### DATA SEGMENT:
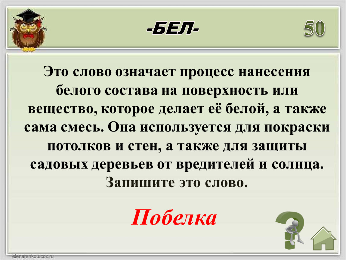 Это слово означает процесс нанесения белого состава на поверхность или вещество, которое делает её белой, а также сама смесь. Она используется для покраски потолков и стен, а также для защиты садовых деревьев от вредителей и солнца.
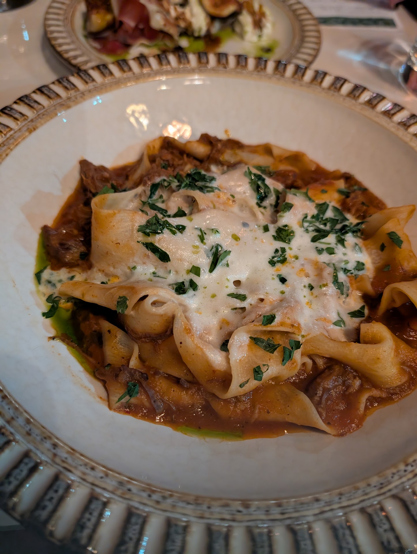 I absolutely LOVED it here. My boyfriend and I came here for dinner a few nights ago and it was such a good date night experience. Our server Maddie was amazing and very attentive! She was very patient with my indecisiveness and was also very kind. I tried both of the bread options, the arugula salad, and the miso brown butter and mushroom noodles. The bread was so fluffy and both of them tasted great (my personal favorite was the truffle honey bread). I also had the arugula salad, I'm normally not the biggest salad person but the dressing and frozen raspberries definitely added so much to the salad to make it a perfect blend of flavor! The miso brown butter and mushroom noodles were also fantastic and I would definitely recommend them to anyone dining here. My boyfriend had the butter chicken alla vodka which he loved as well. I am not the biggest spice person and I would say that the butter chicken does have a bit of a kick, but he loves spicy food so he really enjoyed it. The caramelized peaches with burrata and prosciutto was an amazing combination that I didn't even know existed until I came here. It was probably one of the best dishes of the night in my opinion simply because of how well it all fits together and tastes. For dessert, Maddie recommended I try the ice cream mudd pie. This was ABSOLUTELY the correct choice. While I'm sure the rest of their dessert options are just as good, but the oreo mixed in with this decadent dessert was heavenly. Overall, I absolutely loved my experience here and will 1000% be...
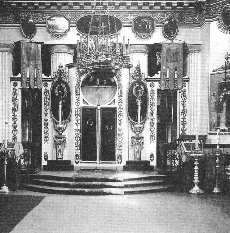 В верхней части снимка за иконами читается украшенный растительным орнаментом фриз, опоясывающий средокрестие храма. Роспись фриза была утрачена в советский период. Также заметно, что верхняя часть капителей колонн отличается по тону и скорее всего имела цвет. В 2014-2016 гг. специалистами Межобластного научно-реставрационного художественного управления (г. Москва) были росписаны купола и паруса храма. Интерьеры нижней части храма архитекторы-реставраторы Объединенной строительной компании (подрядная организация) оформлены в текущем году.
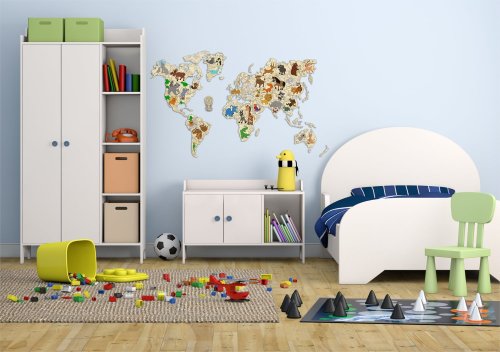 Drevené "puzzle" so zvieratkami zobrazujúcimi mapu celého sveta poslúžia ako krásna dekorácia detskej izby, ktorá priamo nabáda k vymaľovaniu. Pomocou obojstrannej lepiacej pásky ju ľahko umiestnite na stenu izbičke, dvere alebo napríklad skriňu. Originálna drevená mapa sveta je vyrezaná laserom z kvalitnej brezovej preglejky.

### ACTIVITY:
Output only the lines that run from the line containing "В верхней части" to the last line of the data, exactly as they stand and without pictures.

### ANSWER BOX:
 В верхней части снимка за иконами читается украшенный растительным орнаментом фриз, опоясывающий средокрестие храма. Роспись фриза была утрачена в советский период. Также заметно, что верхняя часть капителей колонн отличается по тону и скорее всего имела цвет. В 2014-2016 гг. специалистами Межобластного научно-реставрационного художественного управления (г. Москва) были росписаны купола и паруса храма. Интерьеры нижней части храма архитекторы-реставраторы Объединенной строительной компании (подрядная организация) оформлены в текущем году.
 Drevené "puzzle" so zvieratkami zobrazujúcimi mapu celého sveta poslúžia ako krásna dekorácia detskej izby, ktorá priamo nabáda k vymaľovaniu. Pomocou obojstrannej lepiacej pásky ju ľahko umiestnite na stenu izbičke, dvere alebo napríklad skriňu. Originálna drevená mapa sveta je vyrezaná laserom z kvalitnej brezovej preglejky.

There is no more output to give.